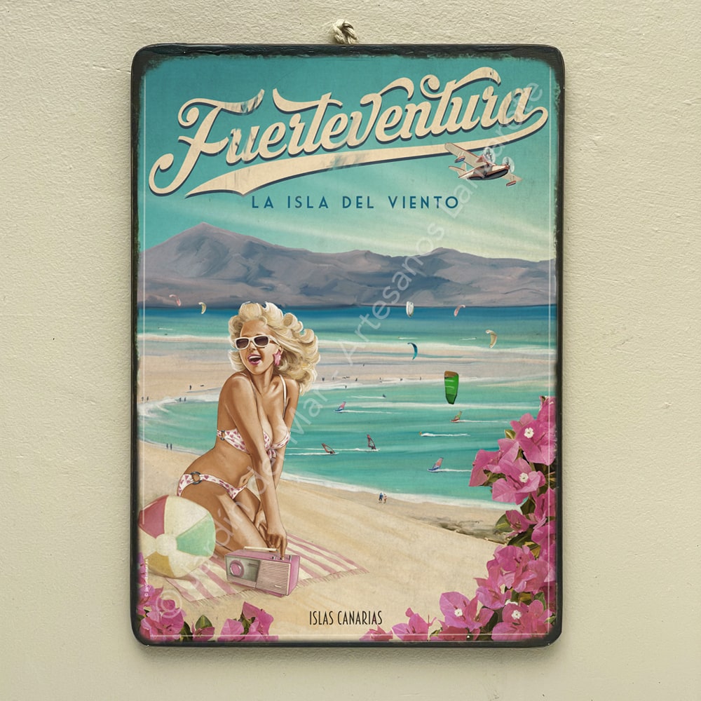 This hand-crafted wooden plaque, with a vintage-style illustration by Mad Mac, captures the free and sunny soul of this unique island. The pin-up girl in the foreground confirms this!
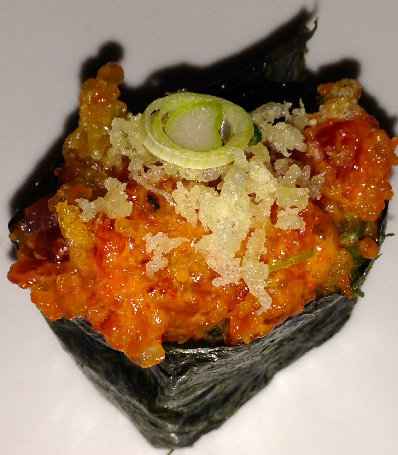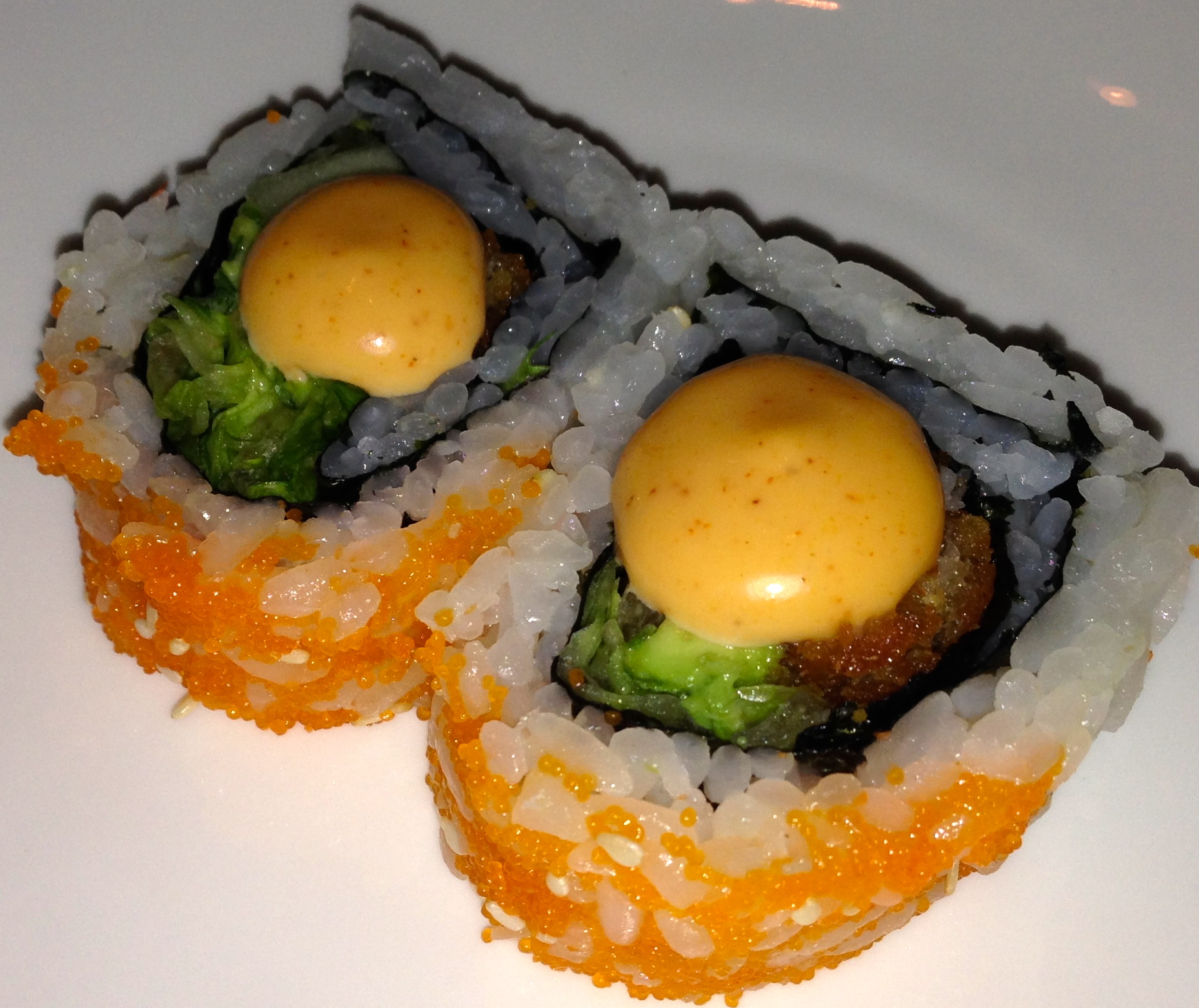 The spicy mayonnaise tops the caliente roll, rice with a crunchy piece of fried fish in the middle. This roll was not too spicy, and we liked the crunch of the fish, offset with the soft rice.
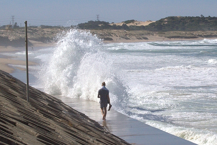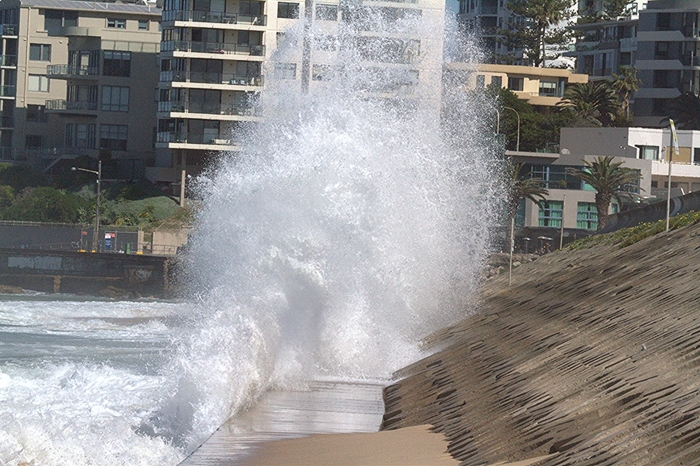 Storm swells and a large high tide caused a unique backwash explosion effect at The Wall at Cronulla.
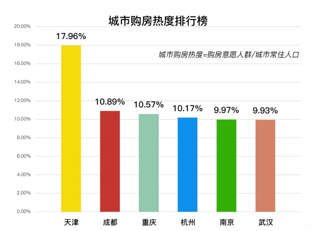 艾普英捷大数据显示,自从5月16日天津落户新政发布,这个楼市一度沉寂的城市瞬间爆红,当月购房热度高达17.96%,以压倒性优势反超去年的成交大户重庆、成都。除天津外,其余几个新一线城市热度旗鼓相当,均保持10%左右的水平。
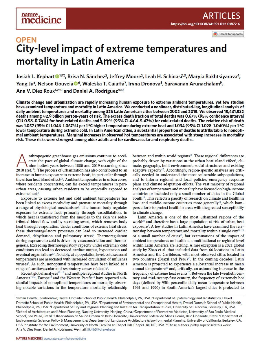 This article published in Nature Medicine describes variability and predictors of life expectancy and proportionate mortality in 363 cities across nine Latin American countries. The results highlight considerable heterogeneity in life expectancy and causes of death across cities of Latin America, revealing modifiable factors that could be amenable to urban policies aimed toward improving urban health in Latin America and more generally in other urban environments.
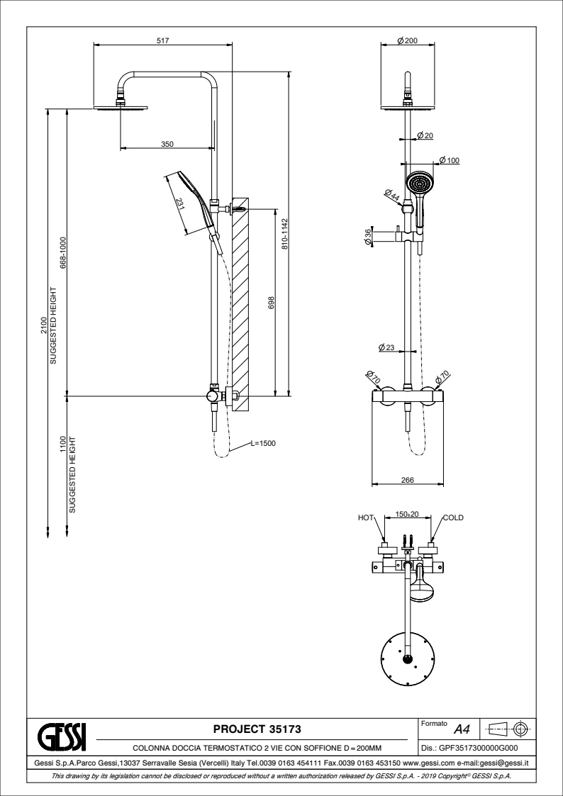 Душевой гарнитур Gessi Minimalistic shower 35173.299 Matte Black
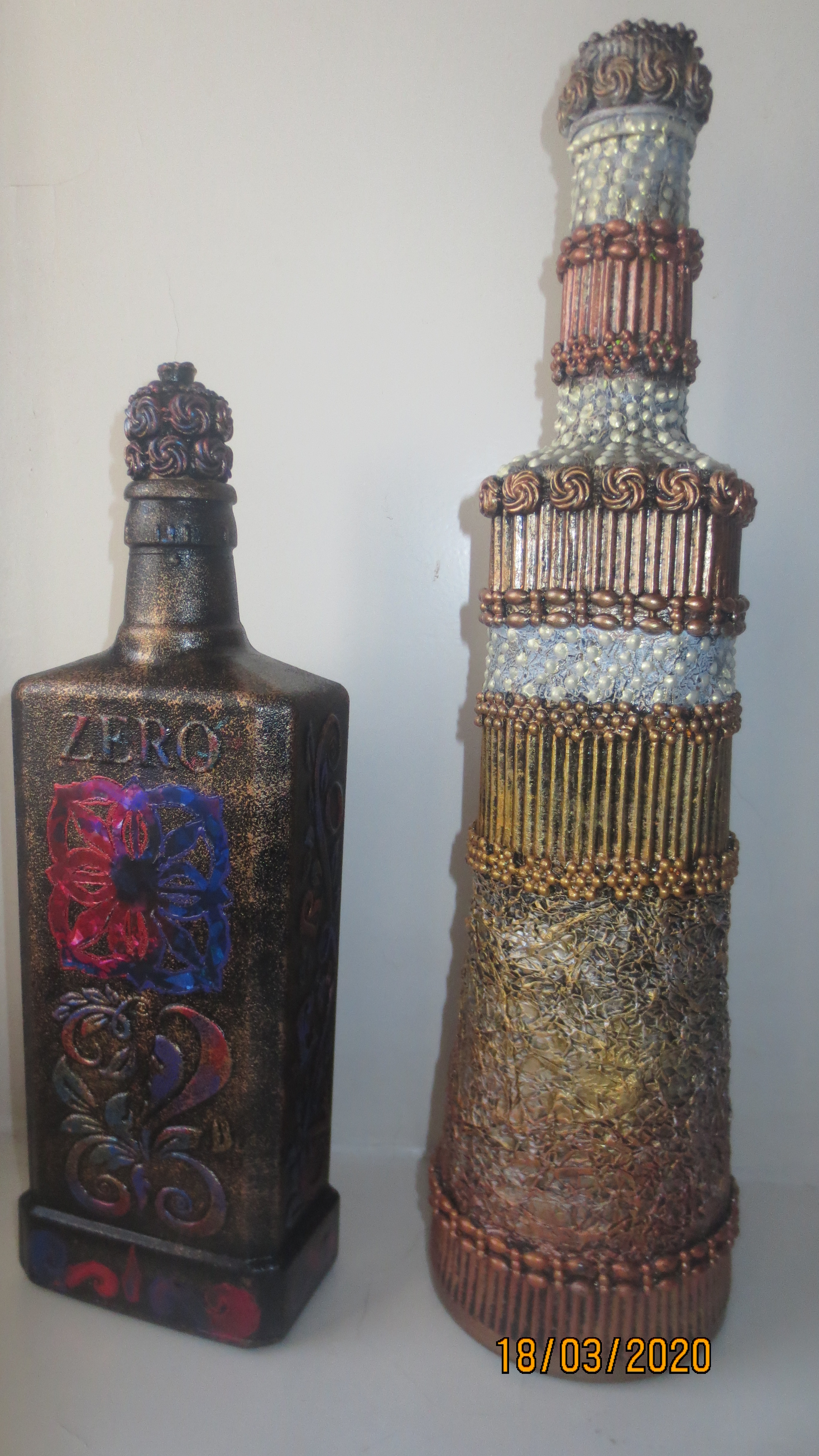 Две бутылки,одна из которых с родным выпуклым рисунком на стекле.И так сама по себе красивая.Вторая обычная стеклянная.Использовала акриловые краски,клей ПВА,пластмассовый декор,фольгу,контур,гофрированный картон,фольгу для дизайна ногтей.
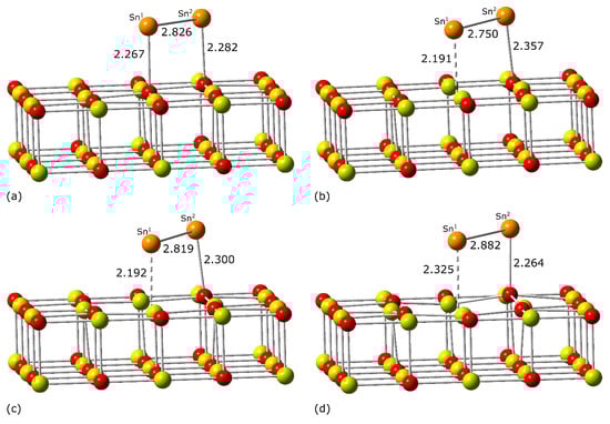It is instructive to compare the Eads energy of Sn2 on the MgO(100) surfaces to the corresponding energetic effects for the dimers of other metals. The most stable adsorption configuration of Sn2 at the O5c center is associated with much more favorable Eads energy (−2.86 eV) than the adsorption of such noble metal dimers as Pd2 (−1.66 eV []) or Au2 (−1.49 eV []) on the regular MgO(100) surface. Similarly, the most stable adsorption configurations of Sn2 at the and centers produce a slightly greater gain in Eads than Au2 adsorption at these defects on MgO(100) [].
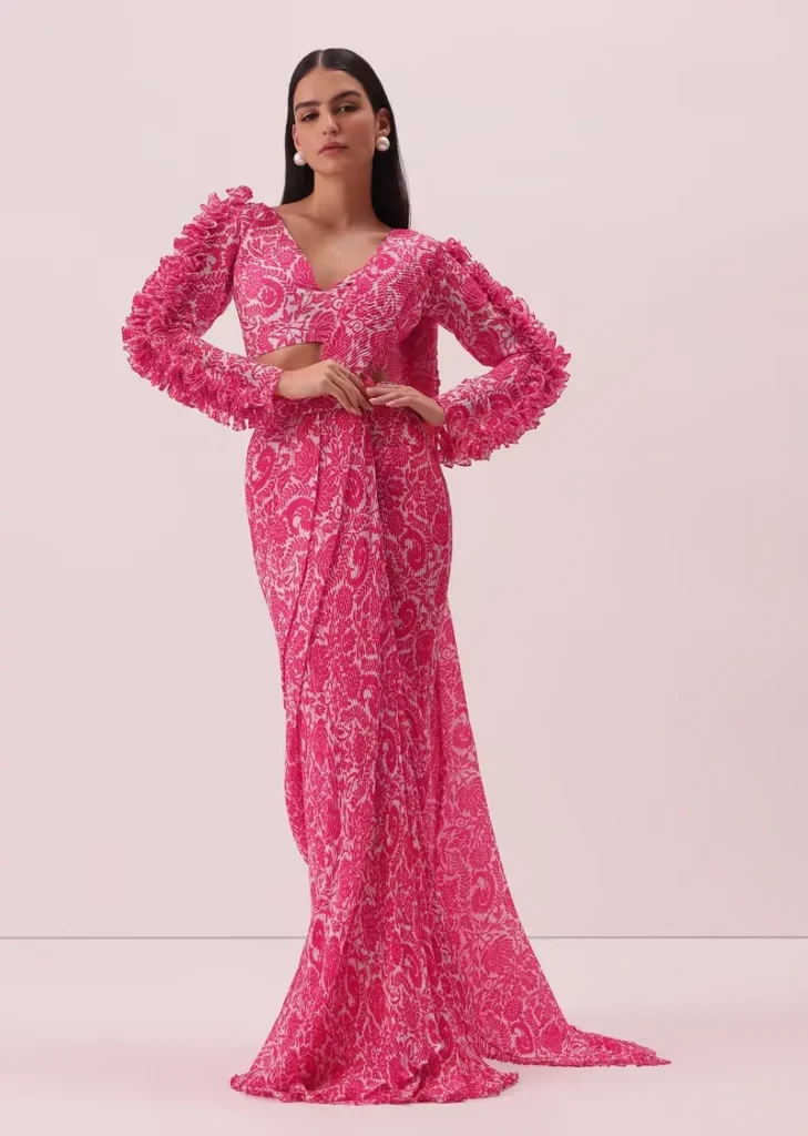 - Ruffle sarees with pre-stitched pallus

+++++

▶ [Task brief]: Write the listing out exactly, apart from its pictures.

▶ [Answer to this exercise]:
 This hand-crafted wooden plaque, with a vintage-style illustration by Mad Mac, captures the free and sunny soul of this unique island. The pin-up girl in the foreground confirms this!
 The spicy mayonnaise tops the caliente roll, rice with a crunchy piece of fried fish in the middle. This roll was not too spicy, and we liked the crunch of the fish, offset with the soft rice.
 Storm swells and a large high tide caused a unique backwash explosion effect at The Wall at Cronulla.
 艾普英捷大数据显示,自从5月16日天津落户新政发布,这个楼市一度沉寂的城市瞬间爆红,当月购房热度高达17.96%,以压倒性优势反超去年的成交大户重庆、成都。除天津外,其余几个新一线城市热度旗鼓相当,均保持10%左右的水平。
 This article published in Nature Medicine describes variability and predictors of life expectancy and proportionate mortality in 363 cities across nine Latin American countries. The results highlight considerable heterogeneity in life expectancy and causes of death across cities of Latin America, revealing modifiable factors that could be amenable to urban policies aimed toward improving urban health in Latin America and more generally in other urban environments.
 Душевой гарнитур Gessi Minimalistic shower 35173.299 Matte Black
 Две бутылки,одна из которых с родным выпуклым рисунком на стекле.И так сама по себе красивая.Вторая обычная стеклянная.Использовала акриловые краски,клей ПВА,пластмассовый декор,фольгу,контур,гофрированный картон,фольгу для дизайна ногтей.
It is instructive to compare the Eads energy of Sn2 on the MgO(100) surfaces to the corresponding energetic effects for the dimers of other metals. The most stable adsorption configuration of Sn2 at the O5c center is associated with much more favorable Eads energy (−2.86 eV) than the adsorption of such noble metal dimers as Pd2 (−1.66 eV []) or Au2 (−1.49 eV []) on the regular MgO(100) surface. Similarly, the most stable adsorption configurations of Sn2 at the and centers produce a slightly greater gain in Eads than Au2 adsorption at these defects on MgO(100) [].
 - Ruffle sarees with pre-stitched pallus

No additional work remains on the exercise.